There are several plantations to visit with a huge variety of colourful flowers, zoological gardens with collections of the many animals to be found on the island, not to mention Harrison's Cave where you can catch a 'train' for a trip through the underground caves.
Bridgetown, the capital, offers a huge selection of shopping from the corner stalls to the typical department stores, all insisting that they are 'duty free'. There is a massive marina, where many of the dive boats operate from as well as the extensive parade of 'gin-palaces' that are worth an ogle.
Food is available from a vast selection of restaurants and side stalls, which can provide the hungry visitor with local snacks, Bajun cooking, Chinese, Italian and English fish & chips. A must for any adventurous eater is a trip to Oystons on a Friday night. Oystons is a district of the island to the Southwest and every Friday there is a fish barbecue on a massive scale.
The streets are crammed with folk cooking locally caught fish on BBQs and selling them to hungry onlookers at very reasonable prices. There are usually dance halls offering some exercise for those into rock & roll or even ballroom dancing. Well worth a visit, even to get just a glimpse of the local atmosphere and take some memorable pictures.

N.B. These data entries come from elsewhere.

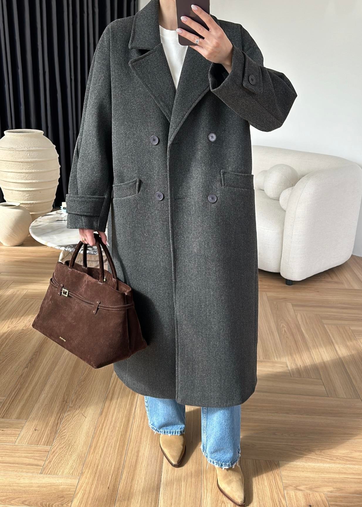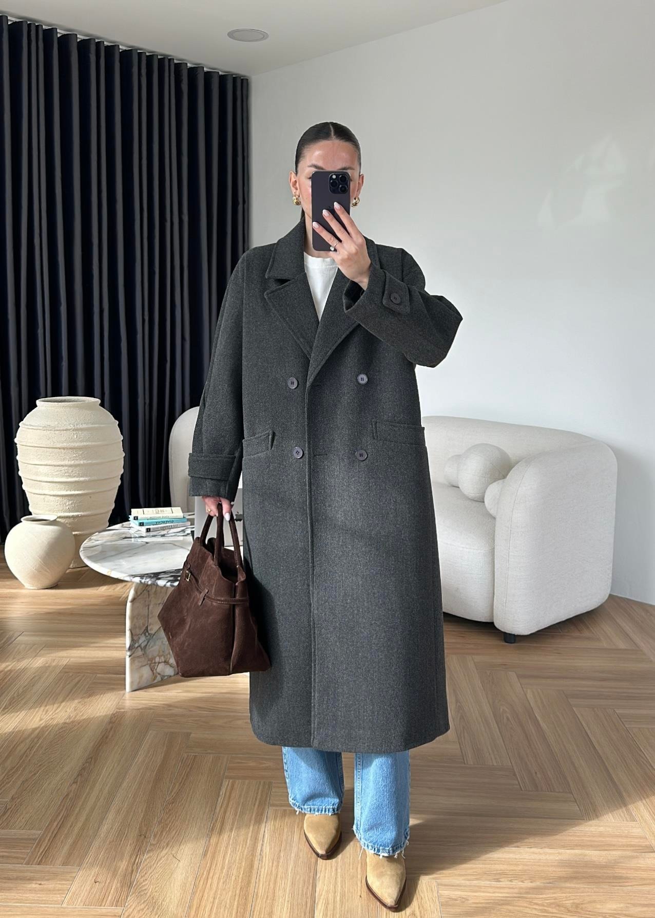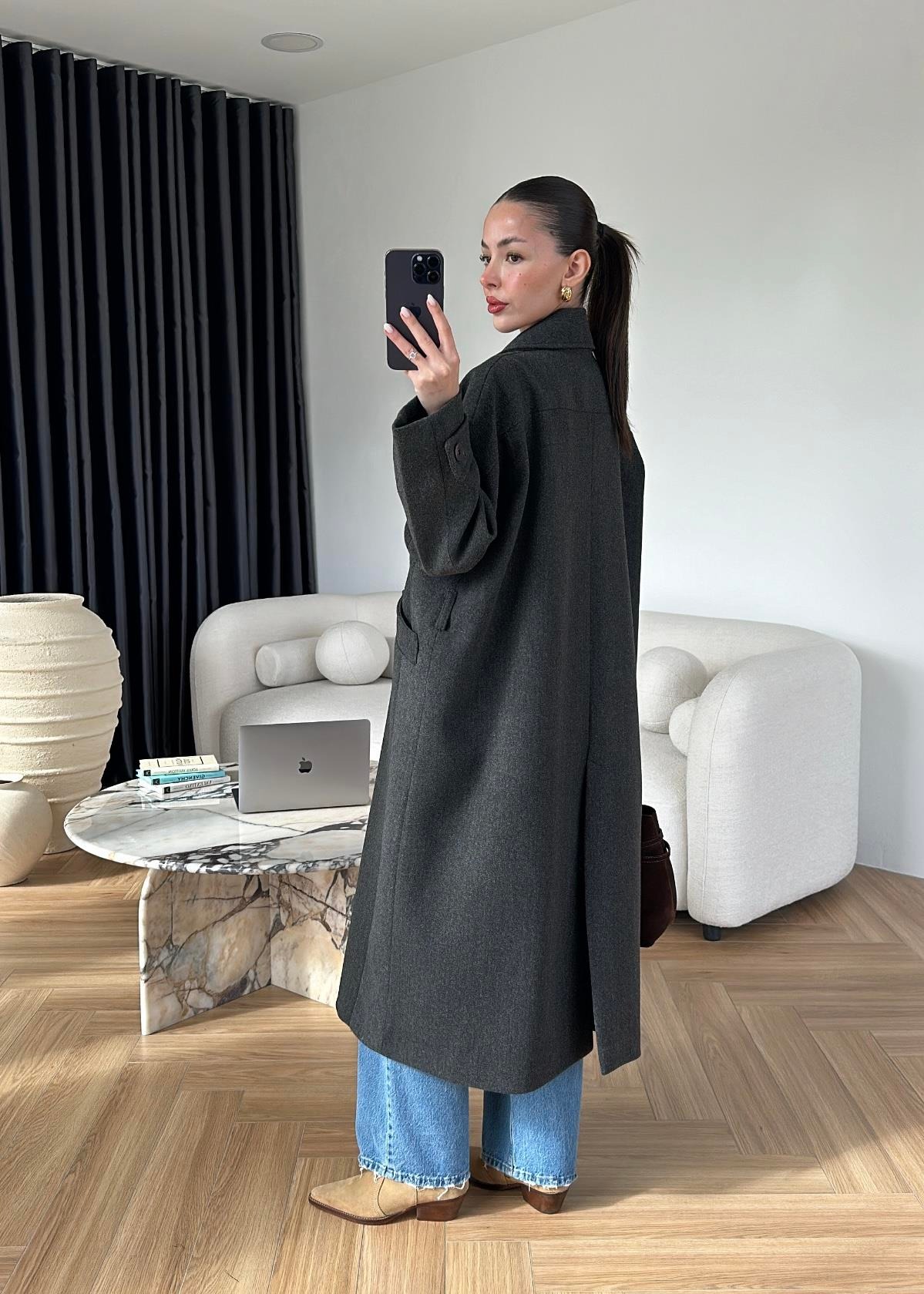 İki Düğmeli Kuşaklı Kaban KOYU ANTRASİT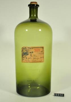 Zylinderförmige, grüne Glasflasche. Maschinell hergestellt, manuell aufgesetzter Hals mit nachgearbeitetem Mündungsrand. Mündungsrand mit umgelegtem Glasfaden. Mit Kork verschlossen. Nach oben gewölbter Boden. Mit Signierapparat bedrucktes Papierschild, achteckig, mit schwarzem Doppelrand und schwarzer Schrift auf ehemals weißem Grund. Mit Schilderlack überzogen. Rückseite Tara mit Nagellack vermerkt. Enthielt Kamilltentinktur.
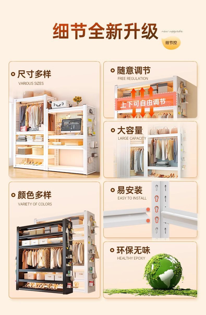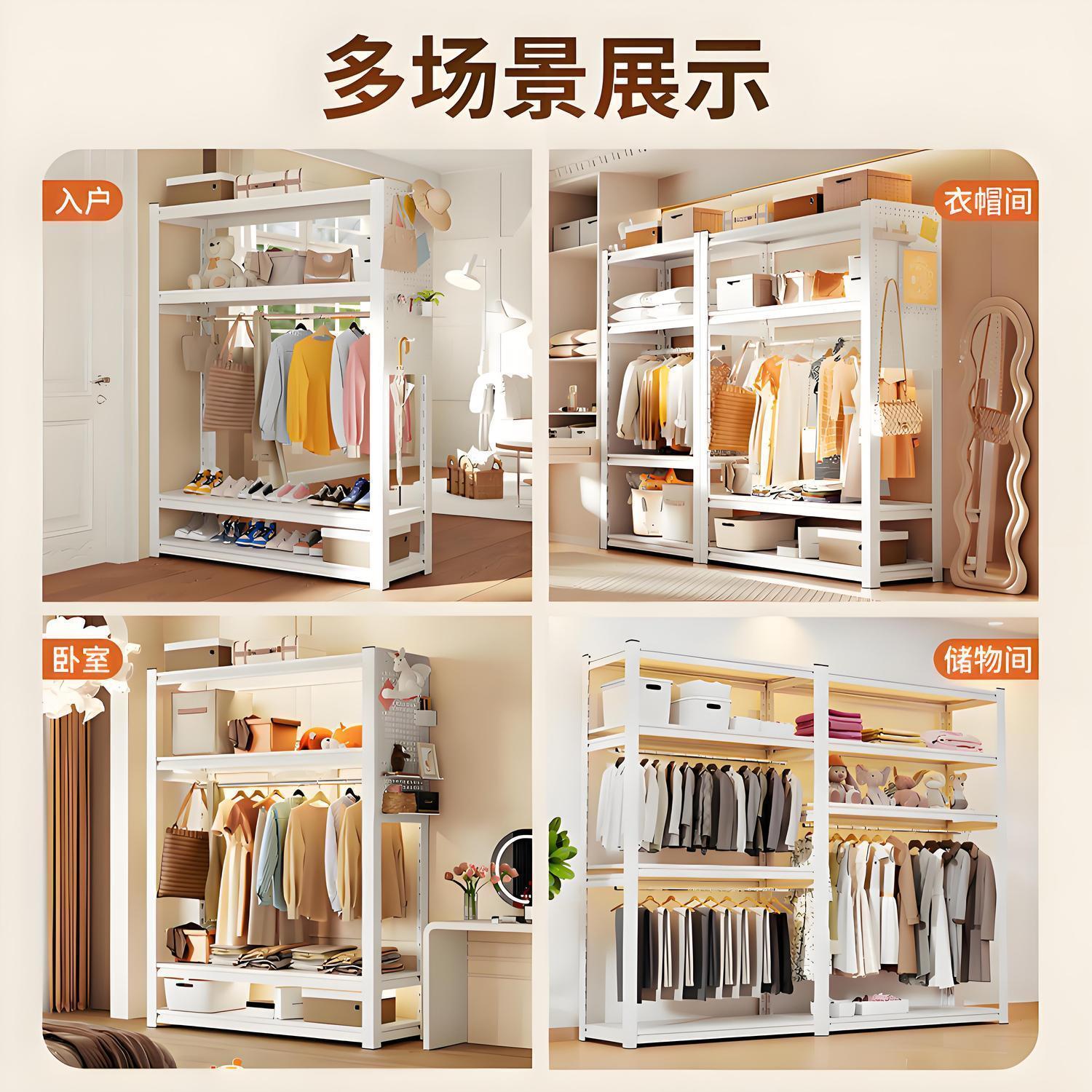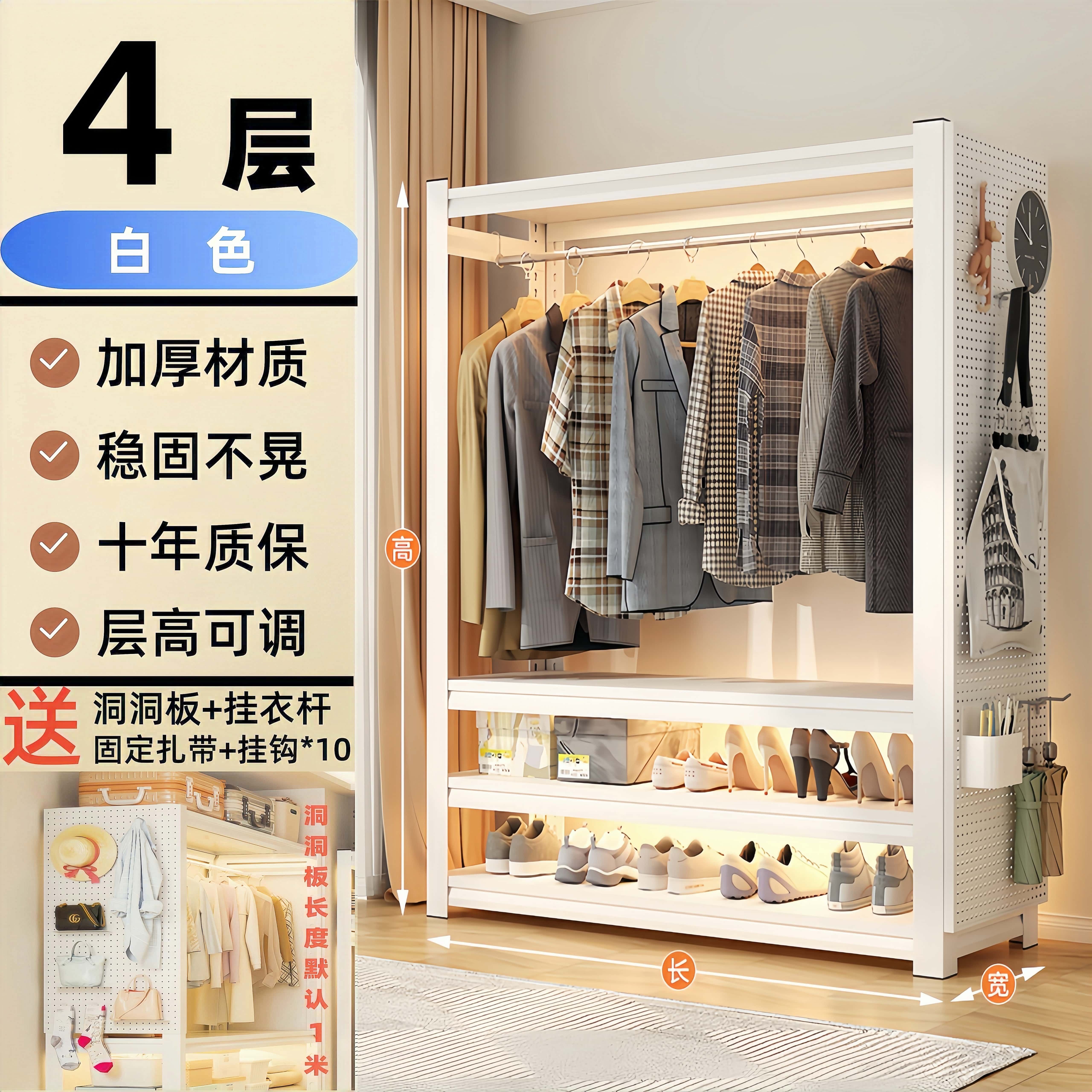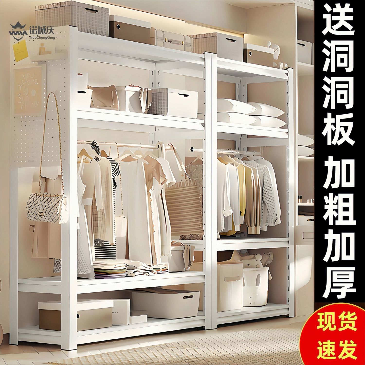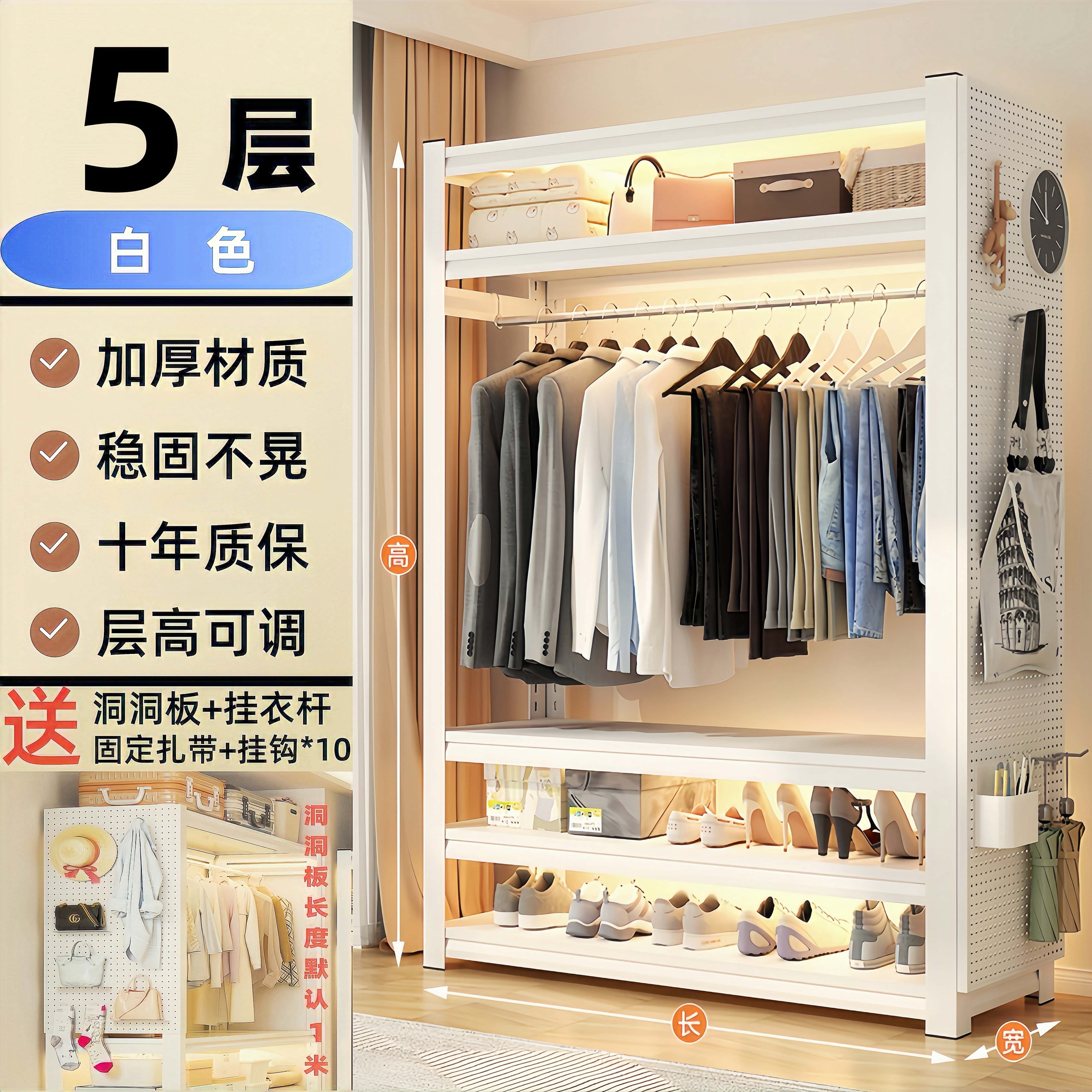 钢制洞洞板挂衣架卧室落地置物架衣柜简易公寓出租房开放式衣帽架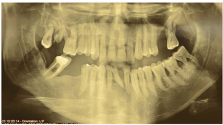 During the anamnesis, the patient did not report being a carrier of systemic diseases; declared him non-smoker. He reported regular tooth brushing three times a day with regular flossing and mouth washing. Asked about similar periodontal diseases in the family, he said he did not know. Radiographic examination revealed generalized vertical bone loss, being more localized in the molar and incisor regions. The diagnosis was aggressive periodontitis (Figure 3).

For those more into sampling the local spirits then a trip to the rum factories is a must. There are several companies producing the famous Barbados Rum and they offer guided tours around their grounds, with an English-speaking guide, at a very reasonable price. They always end up in the bar with free samples to test and a chance to buy your going-home presents. For a few extra Bajun dollars these tours can provide you with a lunch of local dishes all cooked in rum and washed down with rum punch, as much as you can drink.
If you are not into spirits then is must be the locally brewed Banks Beer. Everyone drinks Banks; in fact to find any other beer on the island is almost impossible. It is a typical light lager beer, which you just have to drink to quench your thirst on those hot days lying in the sun.
What ever you want from a family holiday Barbados will be able to provide it. If it the beach and sea or the tourist trips there are plenty to occupy you. If you want the reef and wreck diving you could not get much better than the easy access, warm calm conditions of the Caribbean water around Barbados.